Where We Could Have Been - and Where We Might Be Headed

By Bo Cutter

Even in the middle (hopefully the end-game) of our own financial crisis, we should consider where we could have been and where we are going. We could have easily been headed - by this time inexorably - toward a 1930's style depression: but over the ensuing 80 years, scholars and policy makers actually learned -- a phenomenon that is depressingly rare. In particular, Ben Bernanke, a scholar of the Depression, learned how to act, and then had the courage to act. There will be endless post mortems as we come out of the hills with the battle over. But Bernanke acted.

Without taking anything away from this, it is always easier to take hard decisions in a crisis. As the crisis ebbs, all of the special interests, the organizational turf, and the natural aversions to risk quickly rise up again. Actions become harder and harder, and slower and slower. That is happening today.

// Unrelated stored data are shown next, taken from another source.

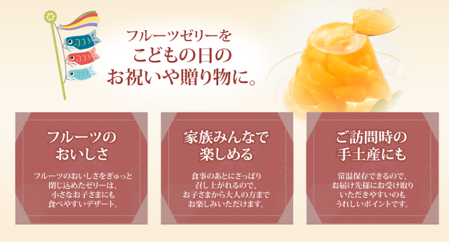いつでも、フルーツの旬の美味しさが楽しめるフルーツゼリーです。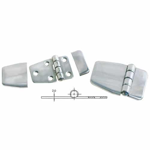 Cerniera in ACCIAIO INOX AISI 316 lucido con nodo sporgente e copriviti. Accessori ferramenta inox.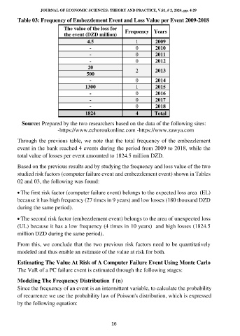Table 03: Frequency of Embezzlement Event and Loss Value per Event 2009-2018

We have not made fundamental decisions about the structure of our finance sector, about financial regulation, or about broader questions involving the shape and nature of the U.S. economy in the post-crisis world. The driver of the next crisis could easily be the U.S. deficit and debt position. This issue will move to center stage over the coming decade, but unless we begin very soon to set a different course than the one we are on, we will be increasingly unhappy with the U.S. economy we have to live in then.

Roosevelt Institute Braintruster Bo Cutter is formerly a managing partner of Warburg Pincus, a major global private equity firm. Recently, he served as the leader of President Obama's Office of Management and Budget (OMB) transition team.